Qu'est ce qu'un international ? Quels sont les responsabilités et les devoirs qui doivent être associés à cet honneur sportif ? Quelle image souhaite-t-on faire passer à
notre jeunesse à travers nos équipes nationales ?
Je suppose que ces questions n'ont pas trop de sens dans ce monde où seule la performance compte. Il est vrai que lorsque l'on observe le comportement des « footeux »,
la honte nous monte aux joues. Des enfants gâtés, pourris, pervertis par trop d'argent et de gloire, des êtres immatures qui ne savent rien de la vraie vie.
Heureusement dans ce concert de médiocrité, le Hand-ball Français apporte une bouffée d'oxygène, de simplicité et de sincérité (Pardon pour ce gros mot, inconnu sans doute dans
la bande à Domenech !). D'autres sports échappent aux projecteurs et doivent tenir leur rang avec cette dignité dûe à l'honneur de porter le maillot frappé du coq.
Jusqu'à présent, le rugby avait toujours réussi à jouer de son image décalée, de cet ailleurs qui côtoie la truculence, l'insouciance, la bombance et l'innocence.

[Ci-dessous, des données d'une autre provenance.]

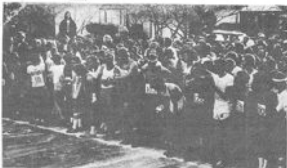
THE START OF THE 1974 SENIOR NATIONAL WOMEN'S MARATHON &amp; WEST VALLEY MARATHON.
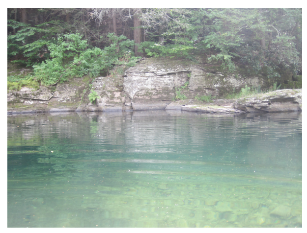
Big Bend Pool, scour pool against left valley wall bedrock (A280)
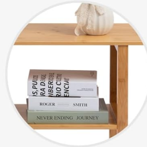
2 Open Shelves
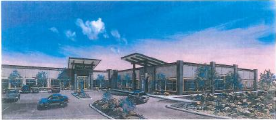
A State of the Art Green Building

Seul l'ancien sélectionneur Bernard Laporte avait franchi une ligne jaune dans son allégeance totalement déplacée à son grand ami des campings et des casinos.
Puis, il y a eu cet été l'affaire Mathieu Bastareaud, le dérapage banal qui se transforme en affaire d'état de par l'incompétence de quelques-uns, la maladresse de
quelques-autres et la faiblesse du protagoniste principal.
Le Rugby avait oublié de fermer la porte et de régler l'affaire en privé. Le linge sale fut exposé à l'opinion publique. L'onde de choc devint ingérable, Mathieu pris dans
une tempête qui le dépassait et le broyait.
Il a été puni, il a payé fort cher comme il vient de le reconnaître pour finir par retrouver son jouet. Tant mieux pour lui. Mais c'est là que se posent de nouveau mes questions
liminaires. Peut-on réintroduire dans une sélection nationale un joueur qui n'a pas totalement purgé sa peine (des travaux d'intérêt général auprès des jeunes d'¨Île de France) ?
La presse parisienne publiait : « Le terrible aveu de Bastareaud, L'international de rugby, de retour en équipe de France de rugby pour le Tournoi des VI
Nations, reconnaît qu'il a voulu mettre fin à ses jours après le scandale de l'été dernier. La fausse agression en Nouvelle-Zélande. C’est vrai, oui, j’ai voulu en finir, dévoile-t-il. Après
coup, il le regrette pour sa famille, son entourage, ses amis, mais il ne veut pas entrer dans les détails.
Cette épreuve l’a endurci depuis. Il se sent plus fort sur le plan moral et mental. »
L'aveu est douloureux mais ce n'est pas celui-là qui importe. Ce garçon a menti devant la France entière. Il a nié l'évidence, inventant le coup de la table de nuit. Il se pose
ainsi comme le digne représentant d'une génération qui se construit dans le déni.
Ce serait son problème s'il n'aspirait plus à la sélection nationale. Son retour impose selon moi qu'il dévoile la vérité. Non pas pour lui, mais parce qu'il redevient un modèle
social et que le mensonge ne peut être une valeur éducative.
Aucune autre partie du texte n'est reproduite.